Walaupun sebenarnya, kakaknya sering bilang bahwa; "Ini untuk menebus dosa ayah dan ibu karena tidak pernah memiliki waktu untuk kita. Jadi, aku akan ada untukmu, aku akan melakukan apa pun mewakili mereka yang sibuk bekerja di luar negeri."-dan Hinata membiarkan semuanya terjadi. Kakaknya selalu berusaha untuk membahagiakan dirinya.
Seharusnya jika sudah seperti itu. Ia tidak seharusnya membuat kakaknya merasa khawatir atau justru menyepelekan kekhawatiran kakaknya.
Kakaknya memang pria yang sempurna, tetapi dari kesempurnaan kakaknya, ada yang membuat kakaknya terlihat tidak begitu sempurna lagi-dia... Hinata yang sekarang menjadi gadis cacat. Jika dia mengingat hal tersebut. Berhasil membuat air matanya kembali terjatuh. Kakaknya, memiliki seorang kekasih. Kakaknya akan menikah. Seharusnya dia tidak boleh memberikan beban pada kakaknya. Seharusnya sekarang dia pergi ke negara yang jauh untuk menempuh pendidikan.

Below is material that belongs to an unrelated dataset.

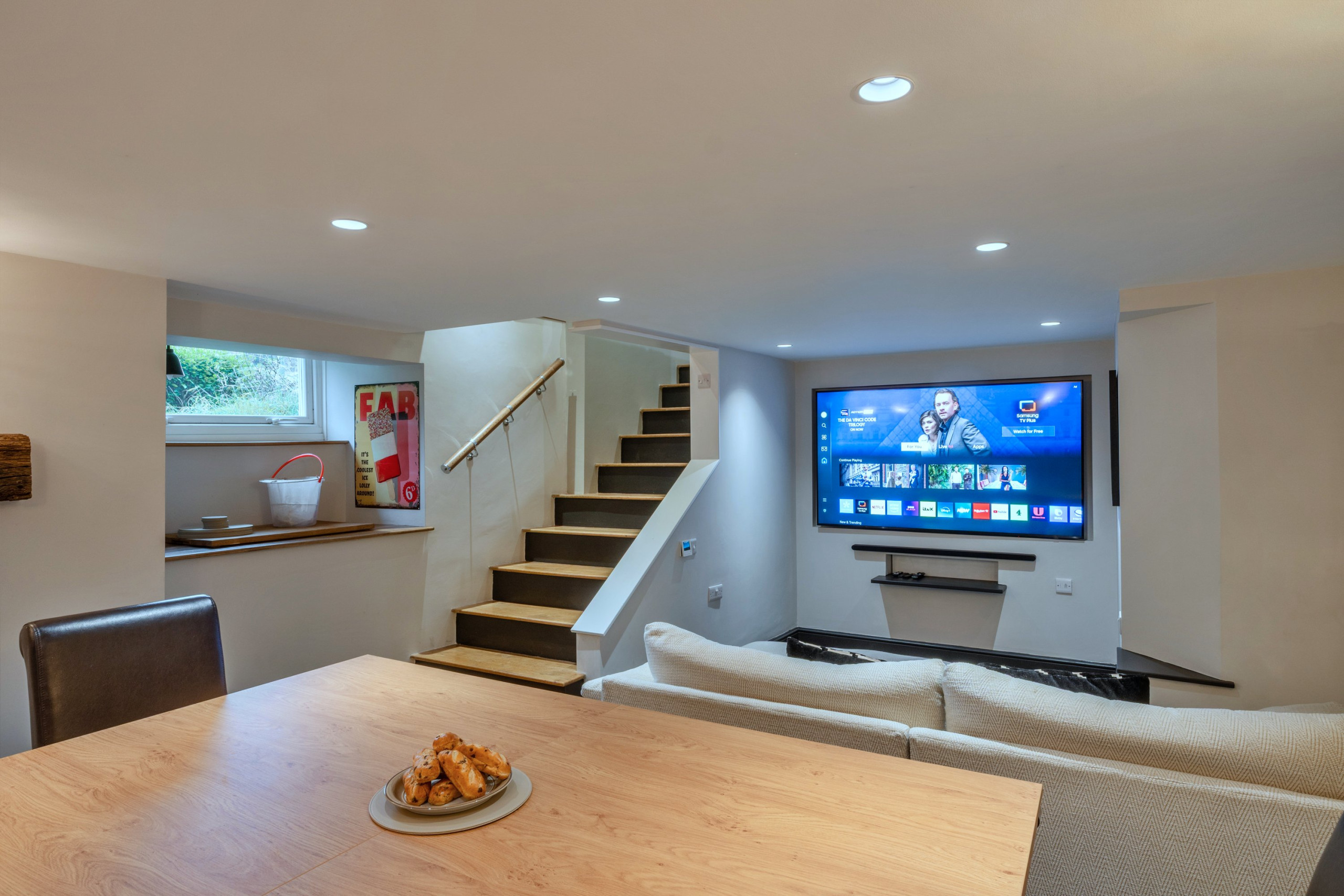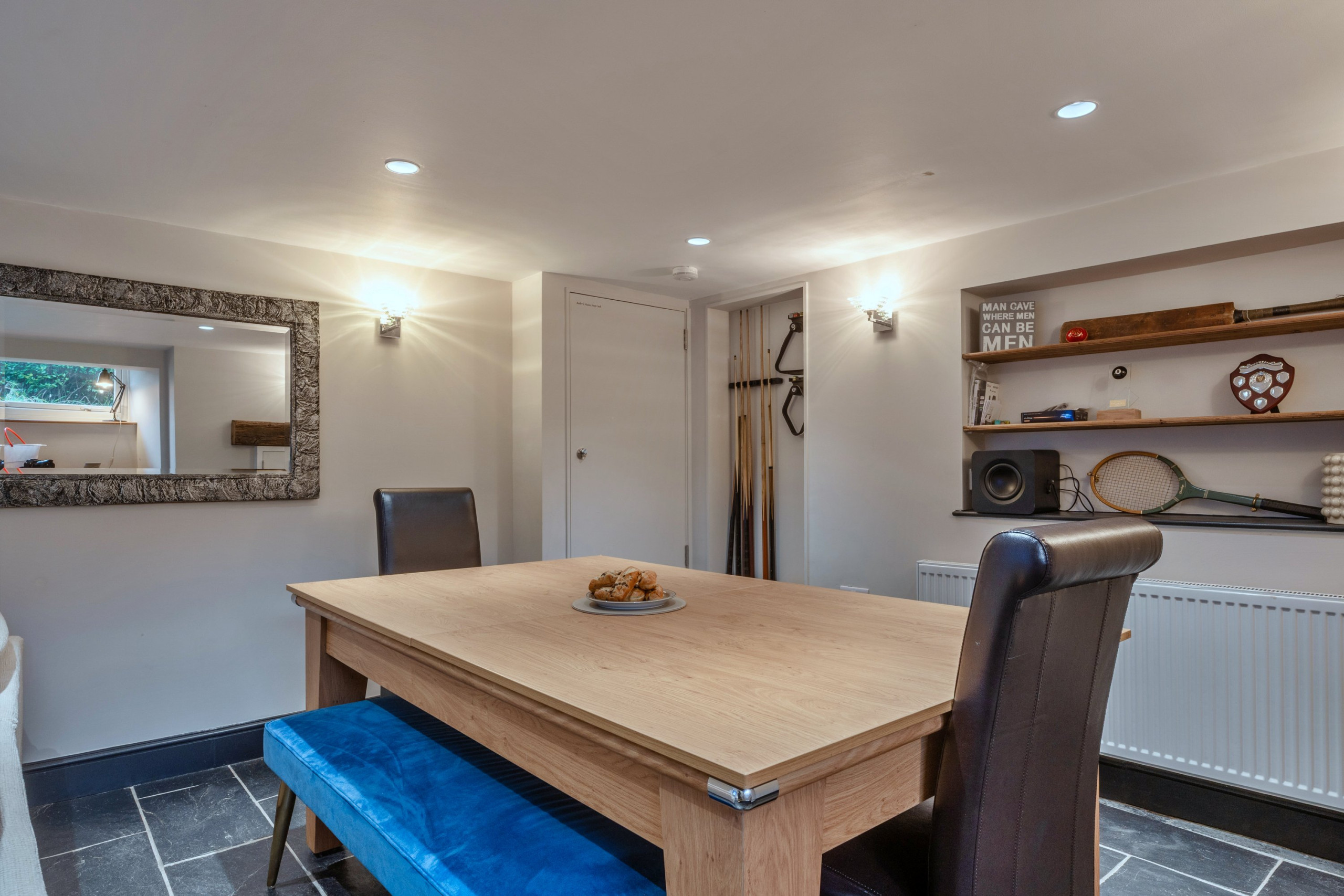 Inside you’ll find two living areas, giving everyone space to relax. The main lounge has a log burner for cosy evenings, while downstairs there’s a second lounge with a large Smart TV, comfortable seating and a pool table that converts into a dining table - ideal for easy group meals and a bit of fun after the beach!
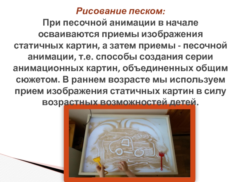 а затем приемы - песочной анимации, т.е. способы создания серии анимационных картин, объединенных общим сюжетом. В раннем возрасте мы используем прием изображения статичных картин в силу возрастных возможностей детей.

"Jangan menangis...," kakaknya selalu bilang seperti itu padanya, untuk tetap kuat. "Jangan menangis Hinata." Ia menepuk dadanya sendiri yang begitu terasa sakit. Saat ia tengah mengingat bagaimana dirinya selalu membuat orang lain kerepotan.
Merepotkan kakaknya. Merepotkan kedua orangtuanya.
Dan tangisannya malam ini, telah berhasil, membuat Neji berhenti di depan pintu kamarnya.
Pria berambut panjang itu hampir mengetuk pintu tersebut untuk mengantar secangkir teh dan makanan ringan. Namun Neji mengurungkan niatnya di saat ia mendengar isakan kecil lolos, lalu menjadi cukup keras terdengar.
Tidak hanya Hinata merasa sakit. Tetapi juga lelaki itu. Neji, merasakan sakit pula pada dadanya. Dia tahu, bahwa adiknya pasti memiliki waktu untuk menangis di setiap hari-harinya. Gadis itu menyembunyikan semuanya sendiri.
Enam bulan yang lalu. Semuanya tampak baik-baik saja dan adiknya akan pergi ke London untuk menempuh pendidikan dan bertemu dengan calon tunangannya setelah menetap beberapa bulan di London.
Namun, entah kesialan apalagi yang membuat sebuah mobil yang jelas-jelas melaju dengan kecepatan biasa. Tiba-tiba menabrak adiknya yang berdiri di pinggir trotoar untuk menyeberang.
Diketahui, bahwa si pengendara adalah seorang pria tua yang sedang mabuk. Semuanya tidak bisa diselesaikan dengan hukum saja, karena hukum tidak bisa mengembalikan kedua kaki adiknya yang mengalami lumpuh total.
"Maafkan aku Hinata, jika saat itu aku benar-benar datang untuk menjemputmu setelah ujian masuk PT, kau tidak akan seperti ini."